The human hands were scanned by means of 2D flatbed scanner (one type for the whole sample) into color TIFF images using a method adopted for published studies (Králík et al. 2014; 2019a). Since thumbs were recorded from the radial side on scans and their ulnar sides were mostly not available, we studied dermatoglyphic variations in the four fingers only (2nd to 5^th finger).

We applied standard dermatoglyphic methodology (Cummins and Midlo 1961) as implemented in open source software Dermatoglyphix (Králík et al. 2017). On fingers, all dermatoglyphic points (cores and triradii) were identified according to the methodology standardized by Cummins and Midlo (1961) and subsequent variables for each fingerprint were recorded (see Figure 1 for ridge-count variables).

Number of triradii (nT)

Number of triradii representing in raw form a counting variable ranging from 0 to 2 (Supplementary materials Table S1) were analyzed in the form of two categories (nT): 1 – patterns with 1 or no triradius, 2 – patterns with 2 or more triradii. In the sense of traditional pattern classification, category 1 represents loops, tented arches and arches, i.e., less complicated configurations of ridges, while category 2 represents all whorls and composites (eventually complicated accidentals), i.e., more complex patterns.

Number of cores (nC)

Number of cores representing in raw form a counting variable ranging from 0 to 2 were analyzed in the form of two categories (nC): 1 – patterns with 1 or no core, 2 – patterns with 2 or more cores. In the sense of traditional pattern classification, category 1 represents no-core or simple core patterns (arches, tented arches, loops, simple whorls and central pockets), while category 2 represents double whorl patters (lateral pockets and twin-loops, eventually complicated accidentals with more cores). The variable hence represents a measure of complexity in the center of the pattern.

Radial ridge count (RCr)

Radial ridge count (RCr) was recorded as counted variable: count of ridges between the radial triradius and core, if both present. If a pattern had no core or triradius RCr was zero (0), if number of cores was higher than 1, the radial core (closer to radial triradius) was taken. When counting ridges, endpoints (point of core and point of triradius) were not counted following methodology by Holt (1951; 1961; 1979).

Ulnar ridge count (RCu)

Ulnar ridge count (RCu) was recorded as counted variable: count of ridges between the ulnar triradius and core, if both present. If a pattern had no core or triradius RCu was zero (0), if number of cores was higher than 1, the ulnar core (closer to ulnar triradius) was taken. For this and other ridge counts applied that when counting ridges, endpoints (point of core and point of triradius) were not counted.

Radio-ulnar difference within fingers (WfD)

Radio-ulnar difference of ridge counts within each fingerprint (WfD) was established as a difference between radial (RCr) and ulnar (RCu) ridge count (radial minus ulnar) on each finger. For both hands eight variables were computed, from L2.WfD for the left 2nd finger to R5.WfD for the right 5^th finger similarly to the approach applied in Polcerová et al. (2022a).

Radio-ulnar difference between fingers (BfD)

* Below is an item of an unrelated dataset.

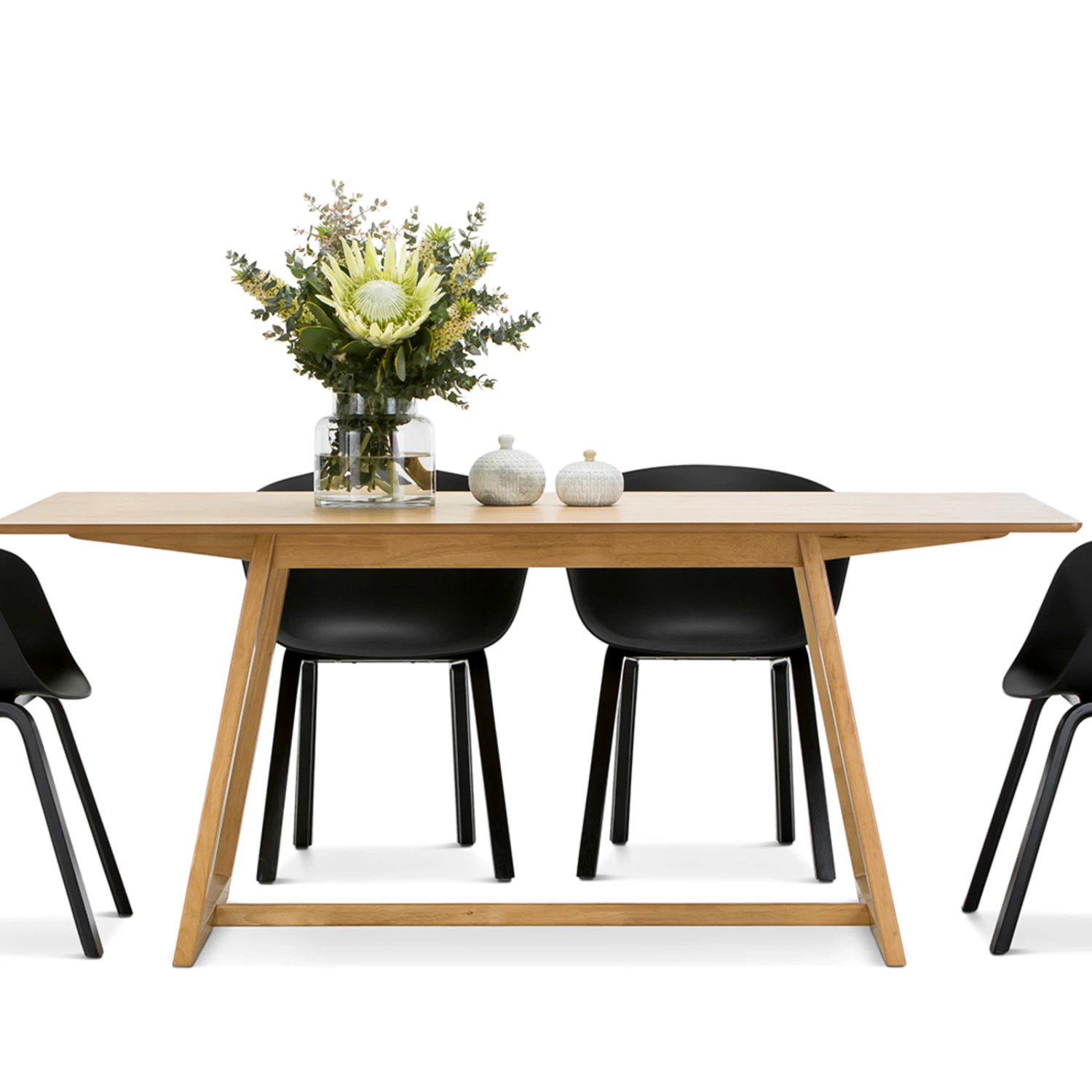 There are some things that simply command a great deal of authority simply by the way they are. The Manhattan Dining Table is an imposing piece at 180cm, but remains dignified amongst other interior pieces regardless of style. Along with it’s sturdy timber construction and Natural Oak Veneer, the geometric minimal design allows for the dining table to pair well with a wide range of dining chairs earning it’s place in any home.

Radio-ulnar difference in ridge counts between fingers (BfD) was computed as a difference between ridge counts on a radial and an ulnar (radial minus ulnar) finger. In each body side (hand), this was computed for each type of ridge count (RCr, RCu) and each pair of fingers (BfDr, BfDu).

Directional asymmetry between respective fingers

Body side asymmetry (DA) was computed as right-left difference (right minus left) in each type of ridge count (DAr for RCr, DAu for RCu) between respective fingers on right and left hand.

Statistical procedures

All computations with data and statistical methods were performed in the R software (R Core Team 2019). Descriptive statistics were computed for each recorded variable. Sex differences in frequencies of triradii (nT) and cores (nC) were tested by means of Pearson’s Chi-squared test with Yates’ continuity correction. Sex differences in ridge counts (including derived variables) and SOI scores were assessed by means of two sample permutation test (with 100,000 permutes) in the R-package EnvStats (Millard 2013). The significance of directional asymmetry was tested by means of one sample permutation test (with 100,000 permutes) of mean DA value against zero (0).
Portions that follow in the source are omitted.